Gradient Importance Learning for Incomplete Observations
This addresses the issue of error propagation in prediction models for real-world applications with high missingness rates or small sample sizes, offering a novel approach to handling incomplete data.
The paper tackles the problem of poor downstream task performance due to imputation errors in datasets with missing values by introducing gradient importance learning (GIL), which trains models like MLPs and LSTMs to directly infer from incomplete inputs without imputation, outperforming traditional imputation-based methods on real-world datasets such as MIMIC-III and MNIST.

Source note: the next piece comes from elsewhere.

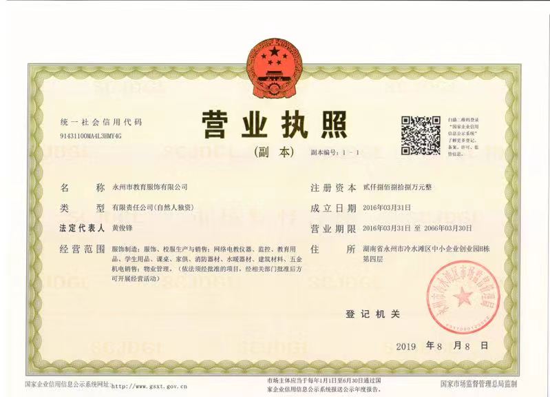 永州市教育服飾有限公司成立于2016年,注冊資金2888萬元,位于湖南省永州市冷水灘區中小企業創業園H棟四樓。公司是一家生產銷售高品質校園服飾、單位制服的企業,是一家集研發、設計、生產一體化的服裝企業,專業生產學生四季服裝和各種服飾的高端產品。公司占地面積2000多平方米,擁有寬敞、整潔、現代化的生產車間,電腦生產設備200多臺(冚車、平車、釘扣機等),獨具特色的樣板間100多平方面米;現代化辦公室100多平方米,年產量達25萬件。公司遵循“以人為本,創新、進取、服務為源、真誠務實、品質至上、優質、求精”的企業宗旨;推行“勇于追求、敢于否定、不斷創新、持續改進”的企業理念;并以追求卓越作為自己的奮斗目標,采用“賽馬不相馬”的人才機制;推行“企業文化先行”的市場戰略;更多的致力于創造屬于品牌自身的獨特文化,展現一種新的服飾概念。

Though recent works have developed methods that can generate estimates (or imputations) of the missing entries in a dataset to facilitate downstream analysis, most depend on assumptions that may not align with real-world applications and could suffer from poor performance in subsequent tasks such as classification. This is particularly true if the data have large missingness rates or a small sample size. More importantly, the imputation error could be propagated into the prediction step that follows, which may constrain the capabilities of the prediction model. In this work, we introduce the gradient importance learning (GIL) method to train multilayer perceptrons (MLPs) and long short-term memories (LSTMs) to directly perform inference from inputs containing missing values without imputation. Specifically, we employ reinforcement learning (RL) to adjust the gradients used to train these models via back-propagation. This allows the model to exploit the underlying information behind missingness patterns. We test the approach on real-world time-series (i.e., MIMIC-III), tabular data obtained from an eye clinic, and a standard dataset (i.e., MNIST), where our imputation-free predictions outperform the traditional two-step imputation-based predictions using state-of-the-art imputation methods.